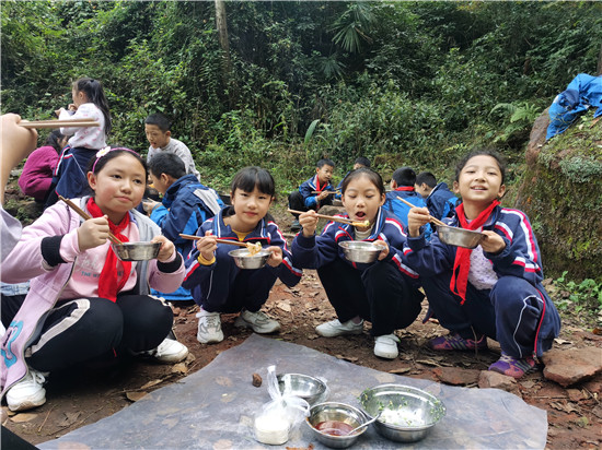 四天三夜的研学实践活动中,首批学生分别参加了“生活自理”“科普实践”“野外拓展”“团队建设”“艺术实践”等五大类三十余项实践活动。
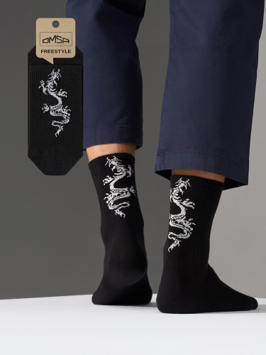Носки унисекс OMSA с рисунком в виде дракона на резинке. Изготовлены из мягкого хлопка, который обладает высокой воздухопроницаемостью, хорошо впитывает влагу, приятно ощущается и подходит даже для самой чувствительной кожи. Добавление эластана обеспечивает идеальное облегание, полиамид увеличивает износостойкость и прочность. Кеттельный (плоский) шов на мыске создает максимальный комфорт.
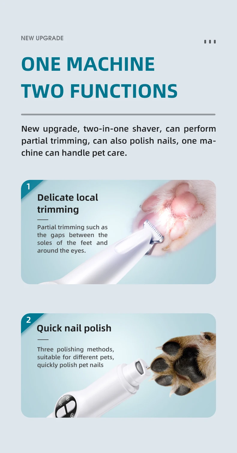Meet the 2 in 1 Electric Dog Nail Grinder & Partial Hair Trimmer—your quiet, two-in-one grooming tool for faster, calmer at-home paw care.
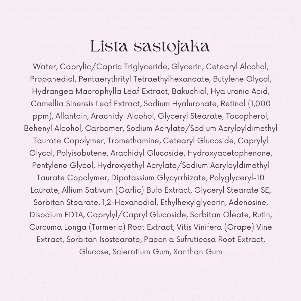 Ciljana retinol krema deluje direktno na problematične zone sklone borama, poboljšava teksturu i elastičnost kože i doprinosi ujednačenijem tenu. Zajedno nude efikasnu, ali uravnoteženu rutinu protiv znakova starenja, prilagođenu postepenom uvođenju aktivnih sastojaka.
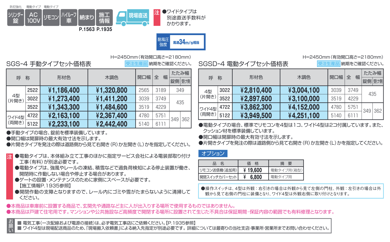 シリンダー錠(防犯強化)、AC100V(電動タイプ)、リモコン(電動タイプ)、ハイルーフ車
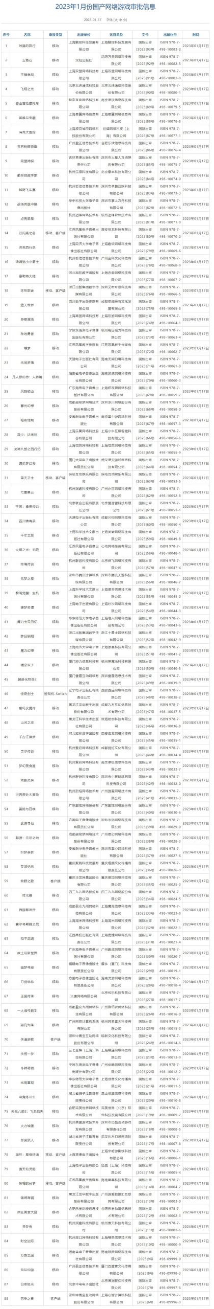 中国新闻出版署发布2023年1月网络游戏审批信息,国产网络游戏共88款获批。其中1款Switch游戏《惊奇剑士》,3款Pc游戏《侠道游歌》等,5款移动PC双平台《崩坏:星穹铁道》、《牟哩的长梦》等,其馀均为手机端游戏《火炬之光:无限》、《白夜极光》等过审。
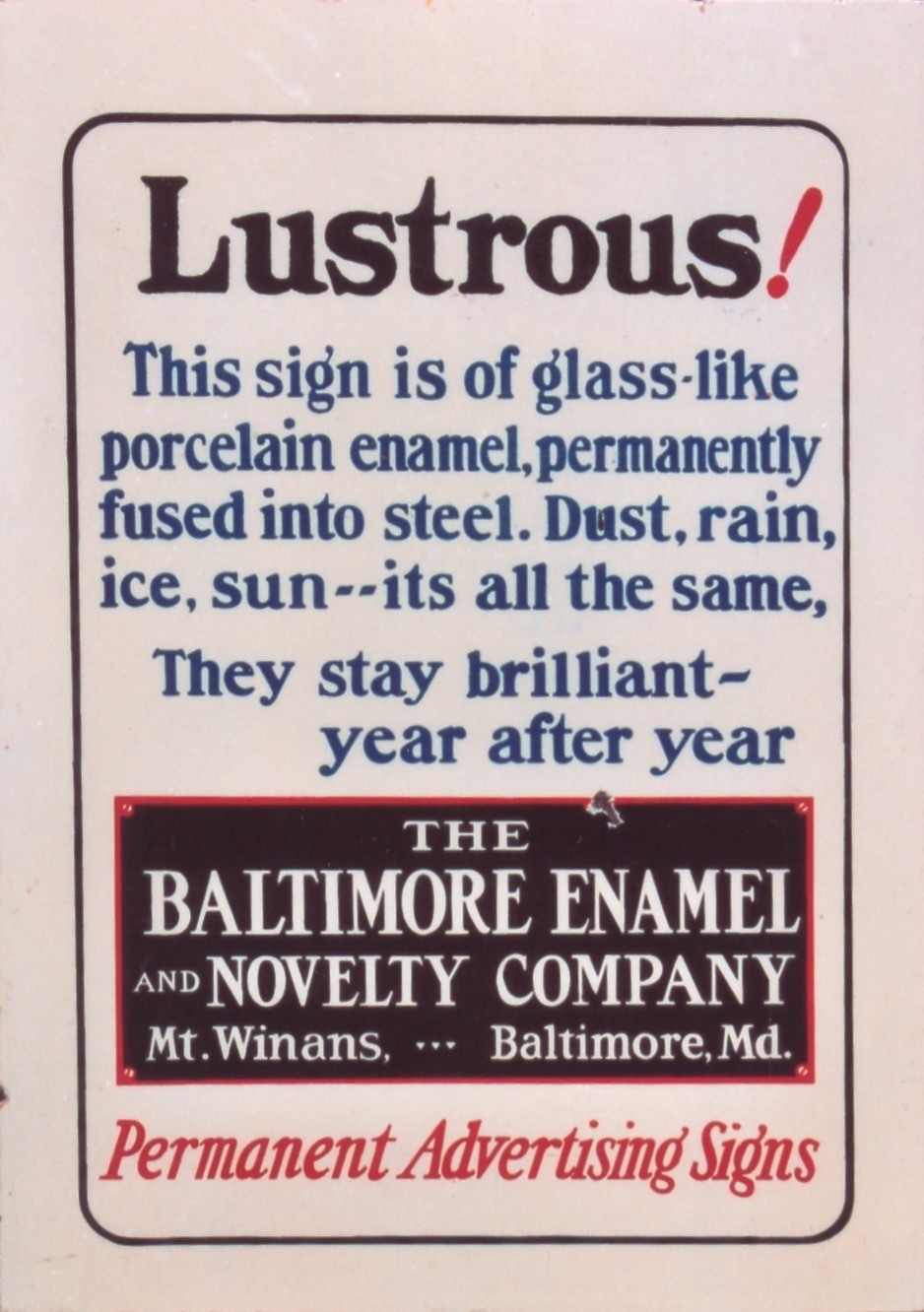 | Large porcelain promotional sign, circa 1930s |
• • • • • • •
▸ What you will do:
Please reproduce exactly, and nothing more, the lines from the one containing "シリンダー錠(防犯強化)、A" through the last line of the entries, both included; pictures stay out.

▸ Finished exercise:
 シリンダー錠(防犯強化)、AC100V(電動タイプ)、リモコン(電動タイプ)、ハイルーフ車
 中国新闻出版署发布2023年1月网络游戏审批信息,国产网络游戏共88款获批。其中1款Switch游戏《惊奇剑士》,3款Pc游戏《侠道游歌》等,5款移动PC双平台《崩坏:星穹铁道》、《牟哩的长梦》等,其馀均为手机端游戏《火炬之光:无限》、《白夜极光》等过审。
 | Large porcelain promotional sign, circa 1930s |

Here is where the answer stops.